Avete attaccato la disponibilità del Governo italiano ad inviare truppe nella missione Nato in Lettonia. Ma cosa c’entra questa missione con la guerra in Donbass?

Apparentemente nulla, ma sappiamo che la Nato in Europa dell’est non ha un ruolo meramente preventivo-difensivo come afferma pubblicamente, ad esempio, le cellule ucraine infiltrate in Donbass ed accusate di aver assassinato i comandanti militari delle Repubbliche del Donbass hanno ammesso di essere state addestrate ed armate dalla Nato. Anche i siti internet ucraini che compilano liste di proscrizione con dati sensibili e foto segnaletiche degli attivisti filo-russi, in alcuni casi poi eliminati da attentati terroristici, sono ospitati da server di basi Nato in Estonia. Su quelle “black list” sono schedato anch’io, insieme agli altri attivisti italiani più impegnati ed esposti.

Come ci si sente ad essere schedati? Non ha paura?

In Italia, in effetti, c’è qualche segnale preoccupante come contractor andati a combattere con i battaglioni di Kiev e poi arrestati, una volta tornati a casa, per detenzione abusiva di armi da fuoco, ma per adesso gli unici attacchi che abbiamo ricevuto sono stati meramente politici e mediatici dalle ong arancioni finanziate dal solito Soros e spalleggiate dal Pd in Parlamento. A rischiare davvero fisicamente sono i volontari schierati sul fronte a difesa delle Repubbliche del Donbass, continuamente esposti al fuoco ucraino in violazione degli accordi di pace di Minsk.

Siete un Consolato oppure no? In cosa consiste la vostra attività diplomatica?

Il Centro di Rappresentanza è ufficialmente riconosciuto dal Governo repubblicano della DNR con una lettera di incarico del Ministro degli Esteri Nikonorova, ma non abbiamo né abbiamo mai millantato uno status diplomatico, attualmente impossibile almeno finché l’Italia non riconoscerà la Repubblica Popolare di Donetsk. Il riconoscimento internazionale è per noi l’obiettivo finale e non il presupposto della nostra attività. Pur senza essere una ambasciata tanti cittadini del Donbass che vivono in Italia ci contattano per le pratiche di asilo politico oppure per avere i nuovi passaporti rilasciati dalla DNR e riconosciuti dalla Russia. Che contattino noi invece dell’Ambasciata ucraina dà il polso della maggior importanza della fiducia della popolazione del Donbass rispetto alle feluche e alla ceralacca consolare.

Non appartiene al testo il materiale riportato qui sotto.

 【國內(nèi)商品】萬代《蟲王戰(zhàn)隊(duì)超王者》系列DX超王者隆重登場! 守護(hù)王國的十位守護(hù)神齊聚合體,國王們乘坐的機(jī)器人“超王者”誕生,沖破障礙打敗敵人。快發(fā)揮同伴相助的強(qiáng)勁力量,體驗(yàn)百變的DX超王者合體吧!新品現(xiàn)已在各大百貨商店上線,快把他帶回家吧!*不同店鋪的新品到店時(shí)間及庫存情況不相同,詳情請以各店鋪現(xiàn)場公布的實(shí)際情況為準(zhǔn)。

Le vostre iniziative sono dettate dalla DNR oppure sono autonome?

Dipende. Ad esempio la campagna internazionale 101life, promossa per sensibilizzare l’ONU sulle vittime civili e soprattutto infantili dei bombardamenti di Kiev, parte dalle Repubbliche del Donbass ed è stata coordinata attraverso un tour europeo che ha fatto tappa anche negli altri Centri di rappresentanza DNR in Grecia e Repubblica Ceca. Il convegno-appello con Lilin, Meluzzi e Krancic per mobilitare l’opinione pubblica italiana contro la nuova offensiva militare ucraina di questo inverno, invece, è stato organizzato in autonomia dalla Rappresentanza italiana.

Qual è il prossimo appuntamento?
Un appello social al cantautore Francesco Gabbani affinché rinunci a partecipare all’Eurovision Festival, che in questa edizione si tiene a Kiev. Come se non bastasse la guerra contro il Donbass, l’Ucraina ha respinto la cantante delegata dalla Russia, Yulia Samoilova, solo perché ha recentemente cantato in Crimea.